Melanin-Concentrating Hormone Receptor 1 Antagonists Lacking an Aliphatic Amine: Synthesis and Structure-Activity Relationships of Novel 1-(Imidazo[1,2-a]pyridin-6-yl)pyridin-2(1H)-one Derivatives
Igawa, Hideyuki,Takahashi, Masashi,Kakegawa, Keiko,Kina, Asato,Ikoma, Minoru,Aida, Jumpei,Yasuma, Tsuneo,Kawata, Yayoi,Ashina, Shuntaro,Yamamoto, Syunsuke,Kundu, Mrinalkanti,Khamrai, Uttam,Hirabayashi, Hideki,Nakayama, Masaharu,Nagisa, Yasutaka,Kasai, Shizuo,Maekawa, Tsuyoshi
supporting information, p. 1116 - 1139 (2016/02/23)

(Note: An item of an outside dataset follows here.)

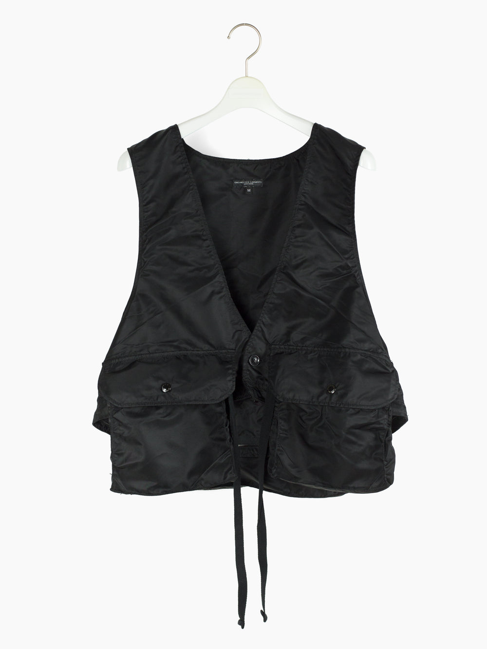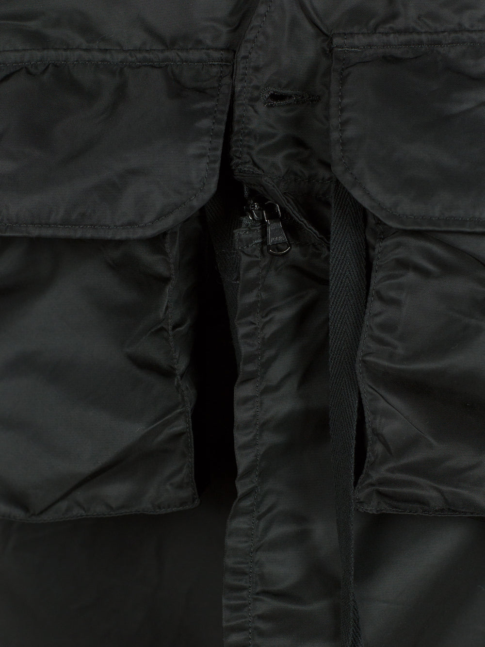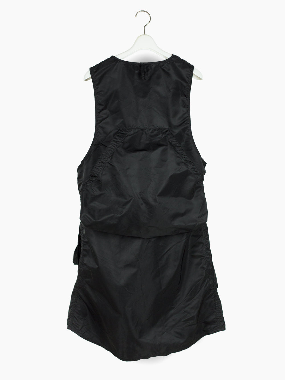 Here is an Engineered Garments game vest rendered in an uncharacteristic black bomber nylon satin, cut with a zipper-detachable skirt panel that allows for a multitude of styling options. Zip the front open and let the underlayer drape at the sides or remove it fully for a more streamlined vest look. The long layer provides coverage against wind and rain while the gusseted cargo pockets provide ample storage for whatever belongings one has to carry with them.

Aiming to discover melanin-concentrating hormone receptor 1 (MCHR1) antagonists with improved safety profiles, we hypothesized that the aliphatic amine employed in most antagonists reported to date could be removed if the bicyclic motif of the compound scaffold interacted with Asp123 and/or Tyr272 of MCHR1. We excluded aliphatic amines from our compound designs, with a cutoff value of pKa 8, and explored aliphatic amine-free MCHR1 antagonists in a CNS-oriented chemical space limited by four descriptors (TPSA, ClogP, MW, and HBD count). Screening of novel bicyclic motifs with high intrinsic binding affinity for MCHR1 identified the imidazo[1,2-a]pyridine ring (represented in compounds 6a and 6b), and subsequent cyclization of the central aliphatic amide linkage led to the discovery of a potent, orally bioavailable MCHR1 antagonist 4-[(4-chlorobenzyl)oxy]-1-(2-cyclopropyl-3-methylimidazo[1,2-a]pyridin-6-yl)pyridin-2(1H)-one 10a. It exhibited low potential for hERG inhibition and phospholipidosis induction as well as sufficient brain concentration to exert antiobesity effects in diet-induced obese rats.